▸ What is expected
What you return must be exactly the lines from the beginning of the material through the line containing "Cajun chicken, crispy", both included, and no pictures.

Material for this exercise: Begin

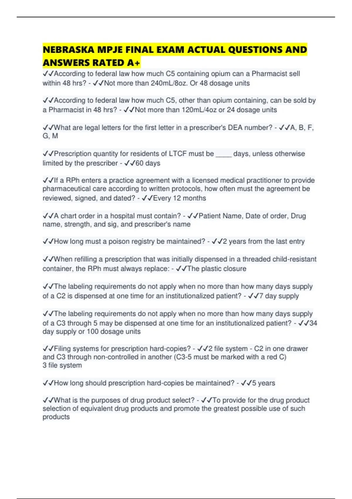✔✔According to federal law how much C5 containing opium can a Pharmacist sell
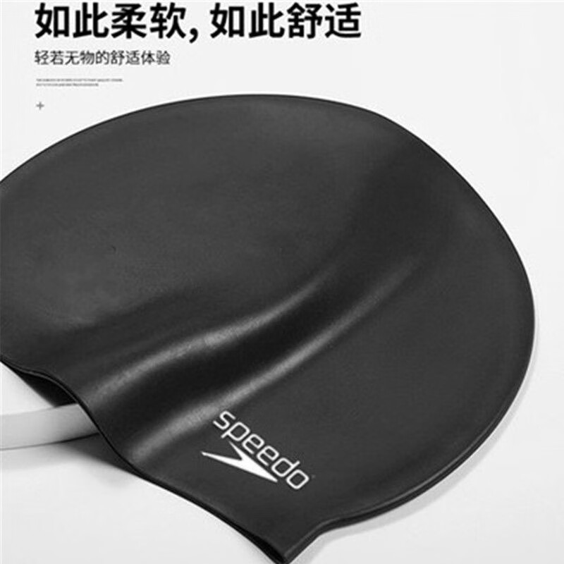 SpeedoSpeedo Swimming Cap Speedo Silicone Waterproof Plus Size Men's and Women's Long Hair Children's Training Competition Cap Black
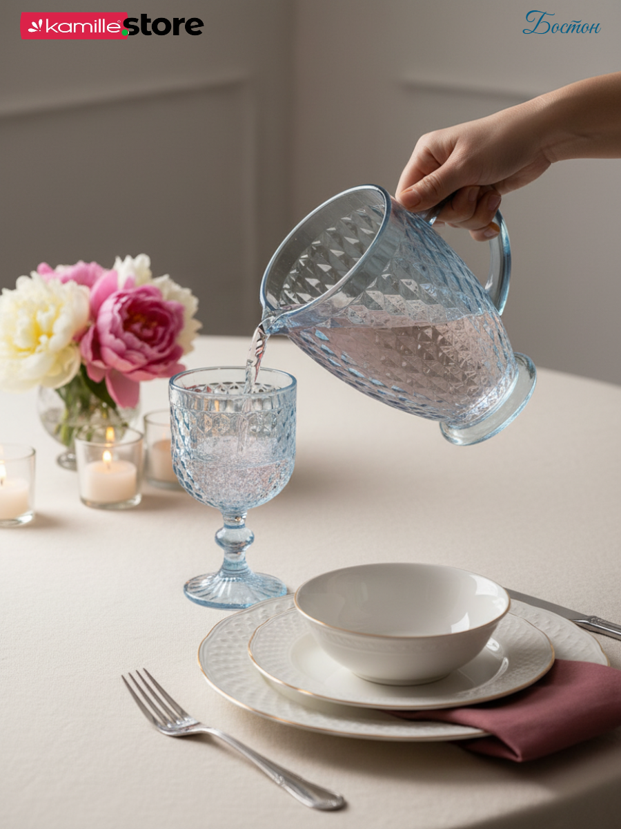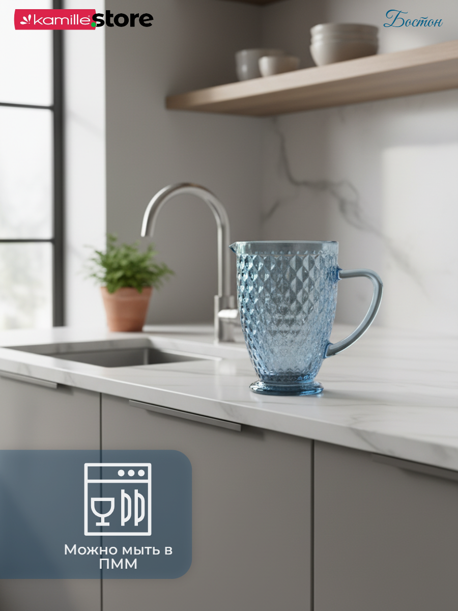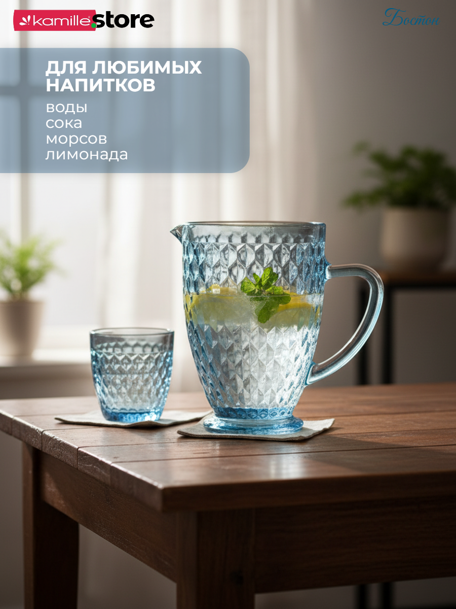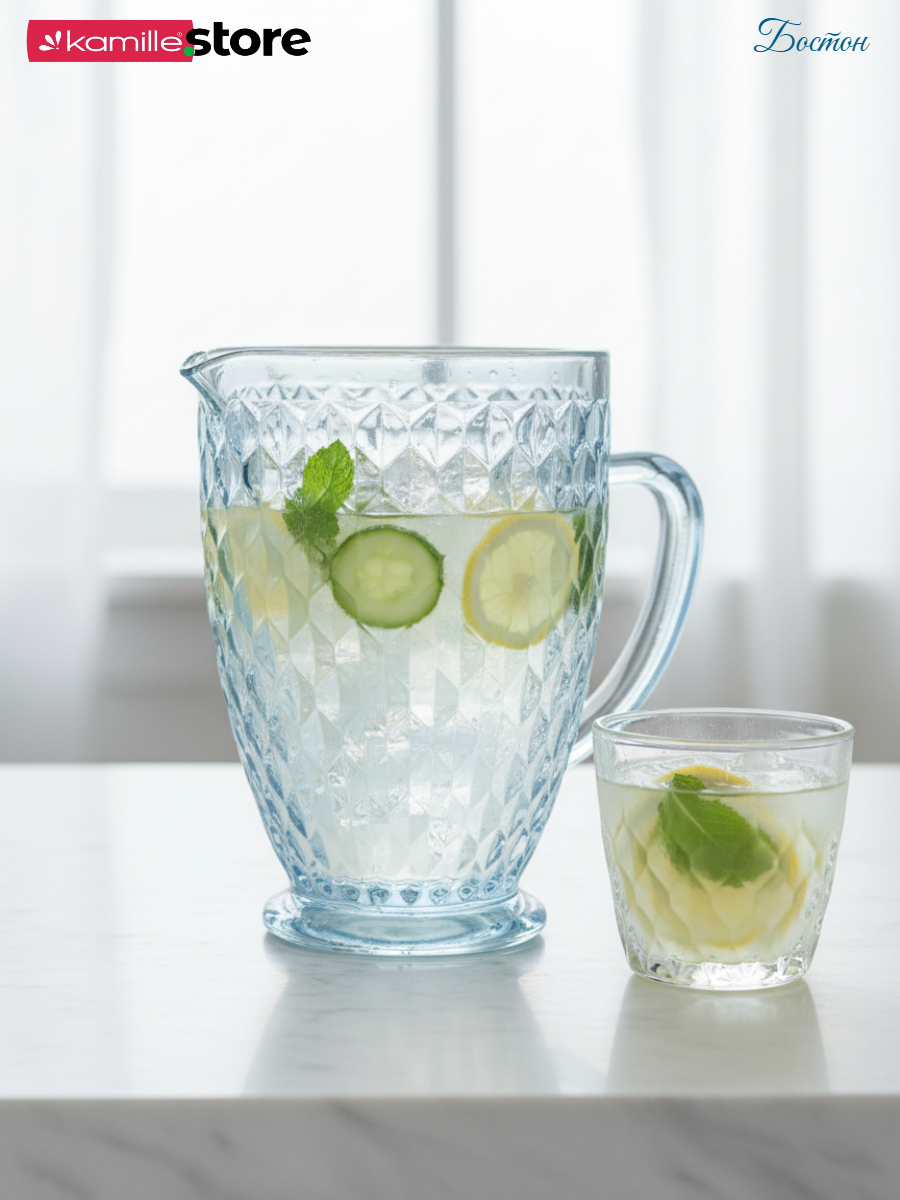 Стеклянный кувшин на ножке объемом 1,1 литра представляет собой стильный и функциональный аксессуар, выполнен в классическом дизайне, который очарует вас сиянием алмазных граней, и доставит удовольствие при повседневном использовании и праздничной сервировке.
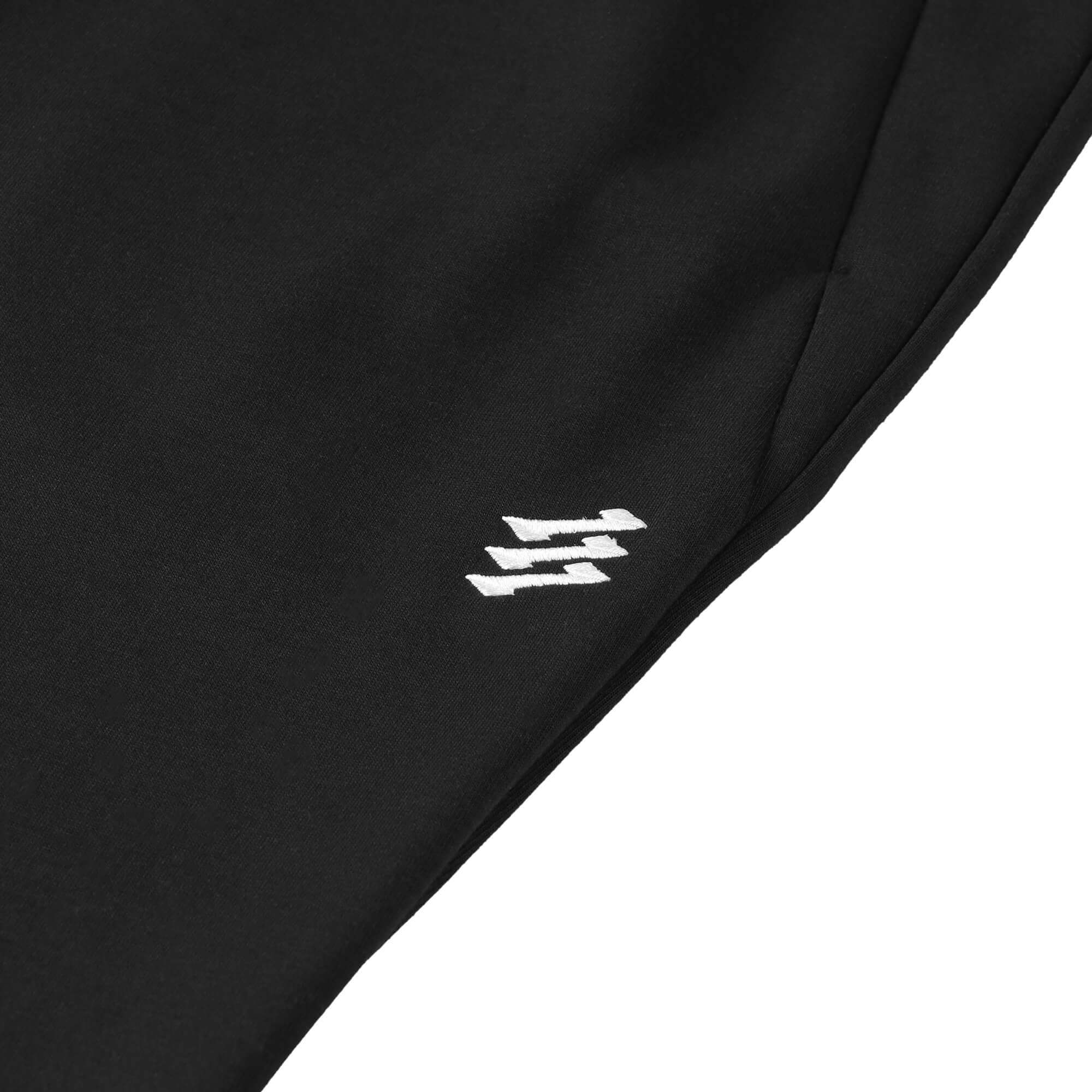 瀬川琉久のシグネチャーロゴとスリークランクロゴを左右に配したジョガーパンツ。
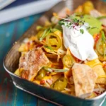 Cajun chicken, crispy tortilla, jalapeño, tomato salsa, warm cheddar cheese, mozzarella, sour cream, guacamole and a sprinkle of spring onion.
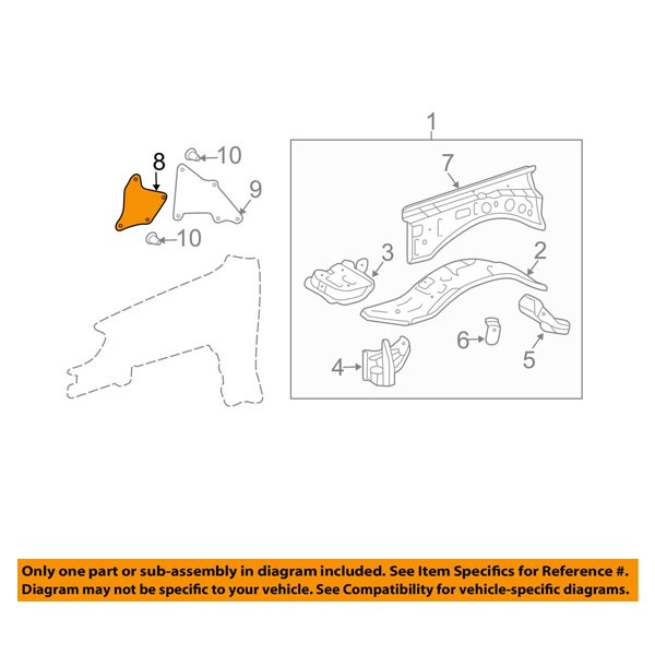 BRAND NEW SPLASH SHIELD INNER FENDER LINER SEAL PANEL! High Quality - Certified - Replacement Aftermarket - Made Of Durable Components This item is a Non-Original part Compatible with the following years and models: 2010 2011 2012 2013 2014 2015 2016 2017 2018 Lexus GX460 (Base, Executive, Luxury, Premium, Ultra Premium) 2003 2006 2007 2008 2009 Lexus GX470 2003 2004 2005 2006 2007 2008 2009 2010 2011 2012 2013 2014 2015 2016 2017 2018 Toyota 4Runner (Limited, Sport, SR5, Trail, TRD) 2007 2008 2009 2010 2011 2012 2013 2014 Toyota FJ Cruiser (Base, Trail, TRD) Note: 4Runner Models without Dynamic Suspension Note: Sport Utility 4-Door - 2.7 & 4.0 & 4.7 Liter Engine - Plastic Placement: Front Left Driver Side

Material for this exercise: End

▸ Solution
✔✔According to federal law how much C5 containing opium can a Pharmacist sell
 SpeedoSpeedo Swimming Cap Speedo Silicone Waterproof Plus Size Men's and Women's Long Hair Children's Training Competition Cap Black
 Стеклянный кувшин на ножке объемом 1,1 литра представляет собой стильный и функциональный аксессуар, выполнен в классическом дизайне, который очарует вас сиянием алмазных граней, и доставит удовольствие при повседневном использовании и праздничной сервировке.
 瀬川琉久のシグネチャーロゴとスリークランクロゴを左右に配したジョガーパンツ。
 Cajun chicken, crispy tortilla, jalapeño, tomato salsa, warm cheddar cheese, mozzarella, sour cream, guacamole and a sprinkle of spring onion.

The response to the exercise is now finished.